[Opening Exercise data section]

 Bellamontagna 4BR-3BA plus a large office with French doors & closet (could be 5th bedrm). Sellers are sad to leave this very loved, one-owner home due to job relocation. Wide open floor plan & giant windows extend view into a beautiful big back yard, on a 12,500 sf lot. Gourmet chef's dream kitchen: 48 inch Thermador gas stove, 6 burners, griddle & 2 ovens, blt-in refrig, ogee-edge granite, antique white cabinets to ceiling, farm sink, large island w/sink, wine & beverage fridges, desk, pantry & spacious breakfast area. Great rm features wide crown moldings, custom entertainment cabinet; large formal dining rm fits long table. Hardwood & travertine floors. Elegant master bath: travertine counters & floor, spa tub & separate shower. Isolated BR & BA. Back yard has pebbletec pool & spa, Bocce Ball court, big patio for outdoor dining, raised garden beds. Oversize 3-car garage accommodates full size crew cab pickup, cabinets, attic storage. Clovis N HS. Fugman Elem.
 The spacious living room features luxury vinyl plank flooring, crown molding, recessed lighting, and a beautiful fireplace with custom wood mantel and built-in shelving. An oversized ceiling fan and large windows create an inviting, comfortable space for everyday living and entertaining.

[Closing Exercise data section]
[Opening Exercise data section]

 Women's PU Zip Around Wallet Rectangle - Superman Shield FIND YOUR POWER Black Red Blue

[Closing Exercise data section]
[Opening Exercise data section]

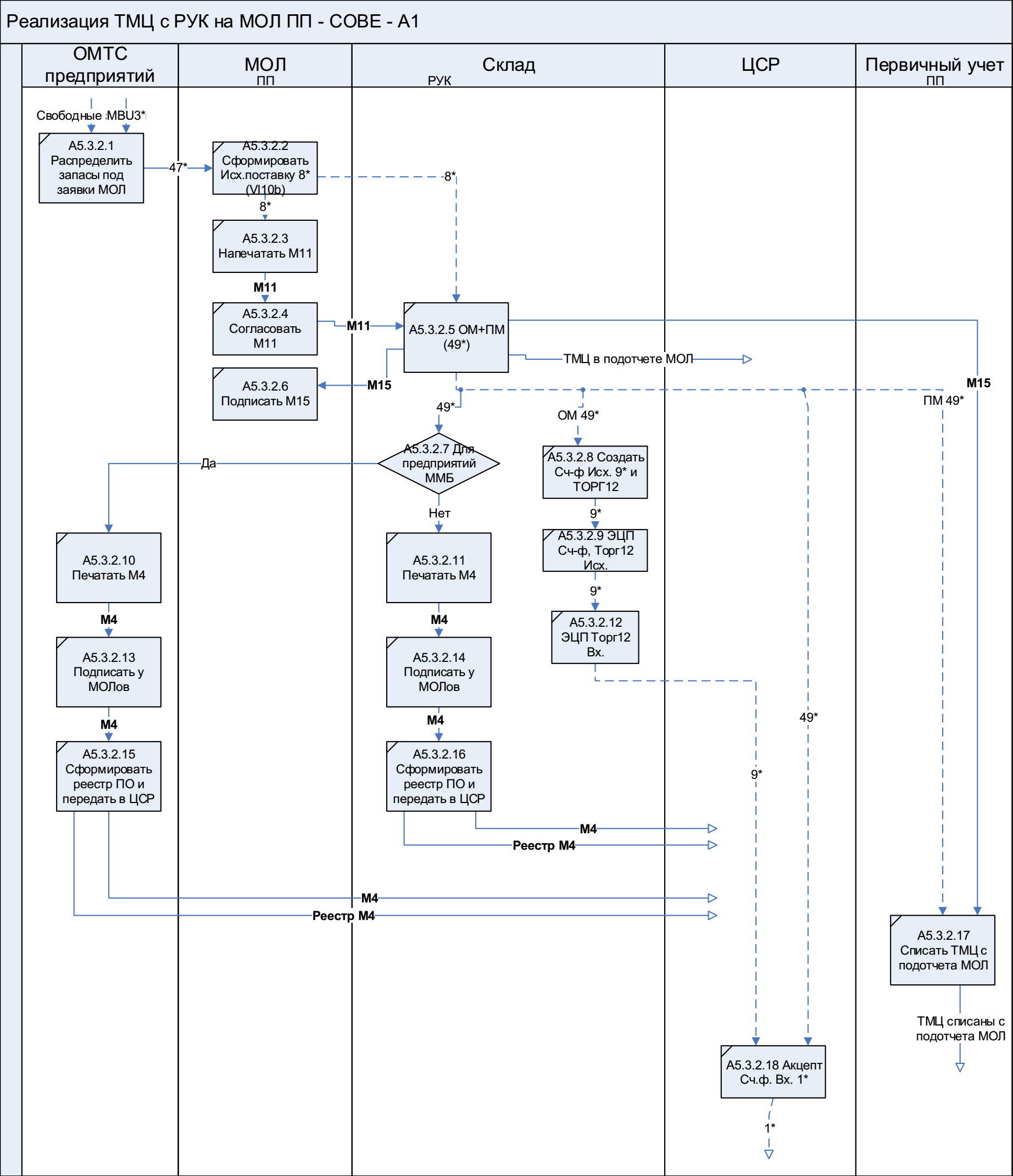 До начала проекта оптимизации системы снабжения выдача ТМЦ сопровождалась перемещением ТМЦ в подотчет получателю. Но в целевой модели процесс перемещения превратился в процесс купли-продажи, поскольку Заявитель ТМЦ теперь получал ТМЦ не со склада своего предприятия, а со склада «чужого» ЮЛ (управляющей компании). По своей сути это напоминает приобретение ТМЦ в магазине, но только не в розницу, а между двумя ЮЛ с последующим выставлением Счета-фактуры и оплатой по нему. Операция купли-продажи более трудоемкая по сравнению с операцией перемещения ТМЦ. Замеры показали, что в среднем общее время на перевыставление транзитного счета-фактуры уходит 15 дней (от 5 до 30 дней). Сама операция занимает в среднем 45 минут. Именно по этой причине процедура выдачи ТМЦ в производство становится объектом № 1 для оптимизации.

[Closing Exercise data section]

**What you are asked to do**
The lines holding the word "windows" are the answer. Pull them out of the records and copy them.

**The completed task**
 Bellamontagna 4BR-3BA plus a large office with French doors & closet (could be 5th bedrm). Sellers are sad to leave this very loved, one-owner home due to job relocation. Wide open floor plan & giant windows extend view into a beautiful big back yard, on a 12,500 sf lot. Gourmet chef's dream kitchen: 48 inch Thermador gas stove, 6 burners, griddle & 2 ovens, blt-in refrig, ogee-edge granite, antique white cabinets to ceiling, farm sink, large island w/sink, wine & beverage fridges, desk, pantry & spacious breakfast area. Great rm features wide crown moldings, custom entertainment cabinet; large formal dining rm fits long table. Hardwood & travertine floors. Elegant master bath: travertine counters & floor, spa tub & separate shower. Isolated BR & BA. Back yard has pebbletec pool & spa, Bocce Ball court, big patio for outdoor dining, raised garden beds. Oversize 3-car garage accommodates full size crew cab pickup, cabinets, attic storage. Clovis N HS. Fugman Elem.
 The spacious living room features luxury vinyl plank flooring, crown molding, recessed lighting, and a beautiful fireplace with custom wood mantel and built-in shelving. An oversized ceiling fan and large windows create an inviting, comfortable space for everyday living and entertaining.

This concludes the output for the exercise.